Work required >> What is needed is an exact copy of the lines in the entries below from the one holding "Roll out the" through the one holding "特に3階の科学実験室等には、", pictures excluded.

Provided records >>
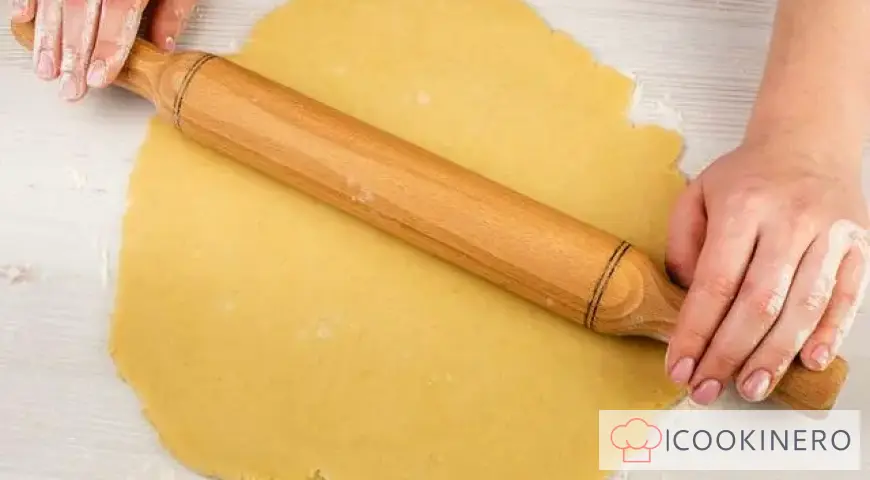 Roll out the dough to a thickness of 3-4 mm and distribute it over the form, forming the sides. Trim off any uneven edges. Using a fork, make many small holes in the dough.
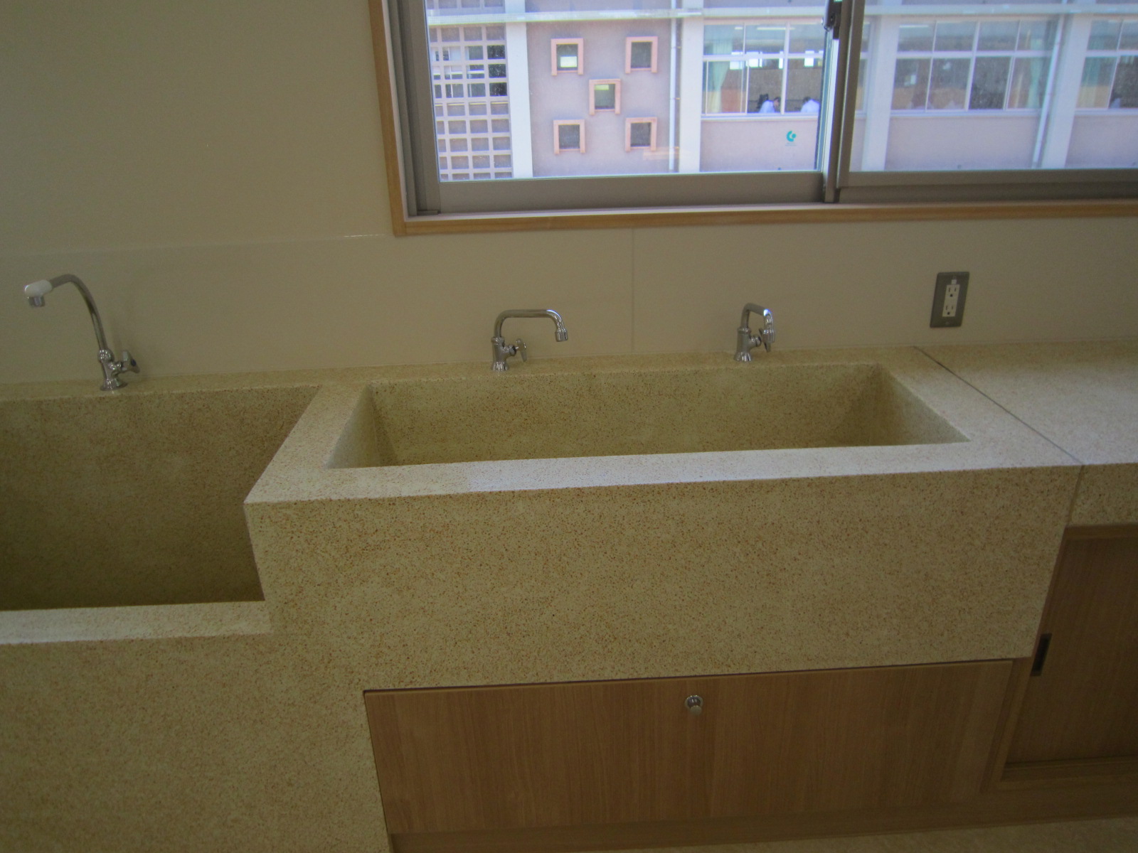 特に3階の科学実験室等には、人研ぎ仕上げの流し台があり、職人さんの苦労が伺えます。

---

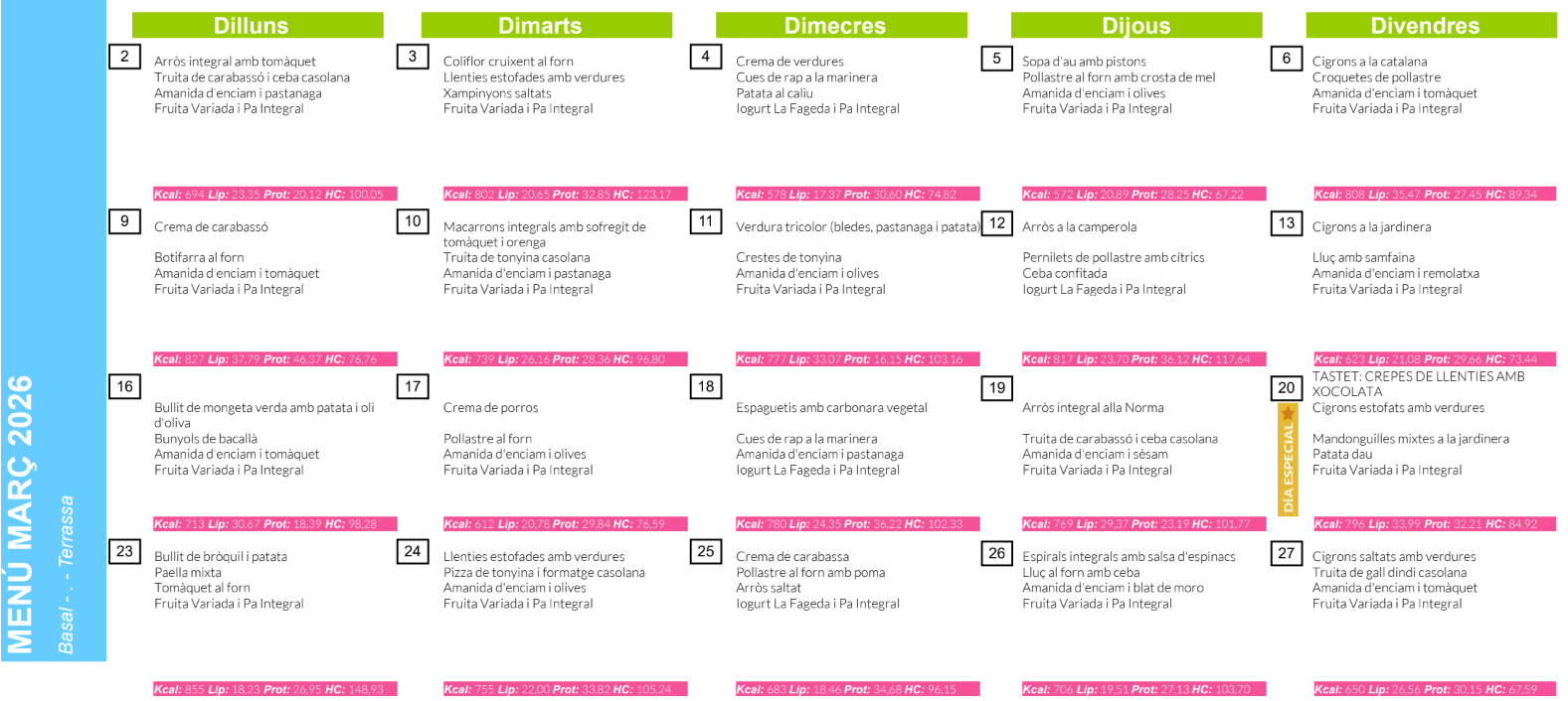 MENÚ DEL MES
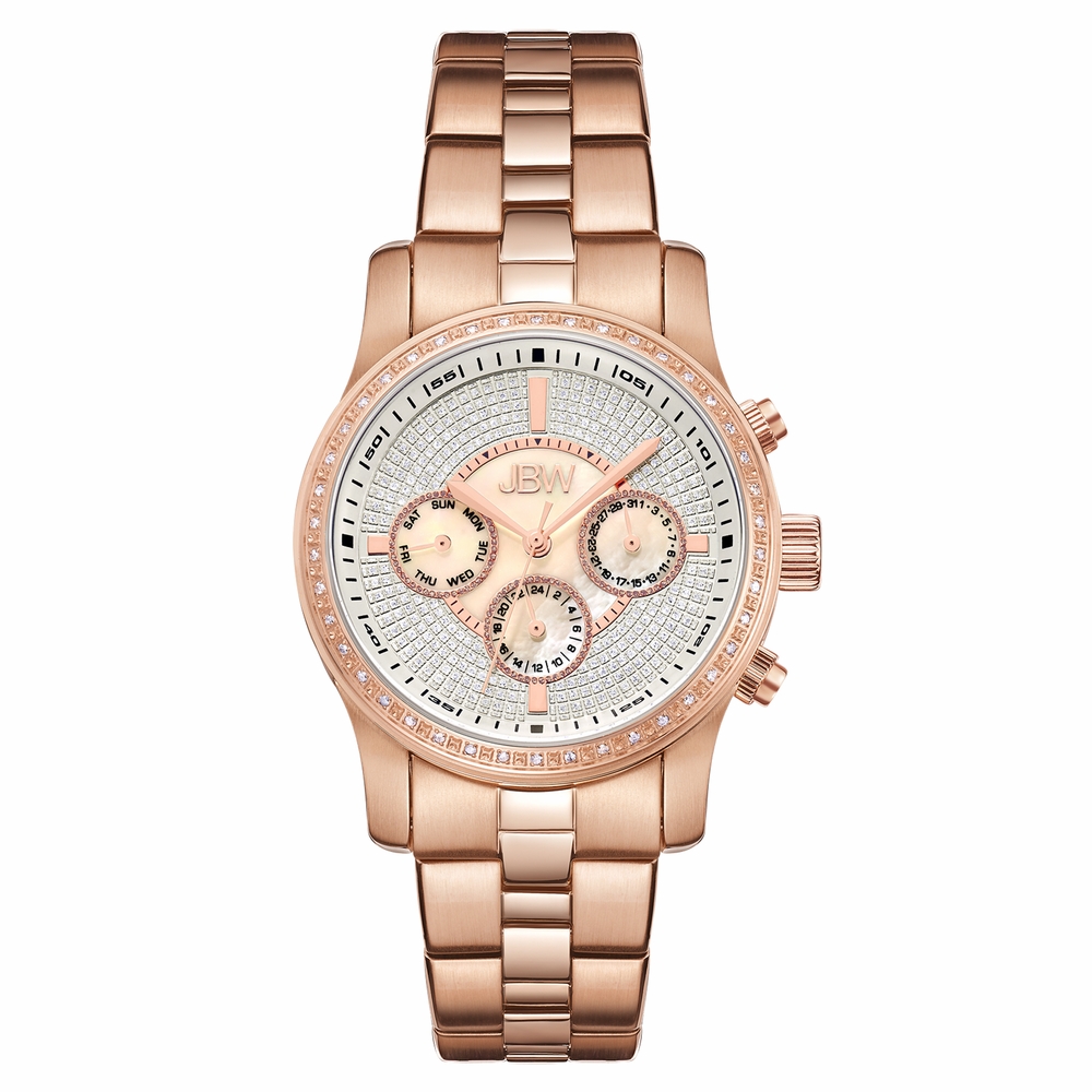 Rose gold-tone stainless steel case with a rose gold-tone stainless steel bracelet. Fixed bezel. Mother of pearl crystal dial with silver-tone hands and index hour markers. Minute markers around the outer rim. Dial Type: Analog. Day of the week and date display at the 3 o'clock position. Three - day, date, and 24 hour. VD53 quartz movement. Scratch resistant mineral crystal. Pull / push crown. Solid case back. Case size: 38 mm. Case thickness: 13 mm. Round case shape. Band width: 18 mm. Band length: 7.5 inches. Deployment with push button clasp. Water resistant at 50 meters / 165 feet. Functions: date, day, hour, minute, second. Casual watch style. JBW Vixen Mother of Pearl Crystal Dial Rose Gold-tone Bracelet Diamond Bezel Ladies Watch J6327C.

The answer >>
 Roll out the dough to a thickness of 3-4 mm and distribute it over the form, forming the sides. Trim off any uneven edges. Using a fork, make many small holes in the dough.
 特に3階の科学実験室等には、人研ぎ仕上げの流し台があり、職人さんの苦労が伺えます。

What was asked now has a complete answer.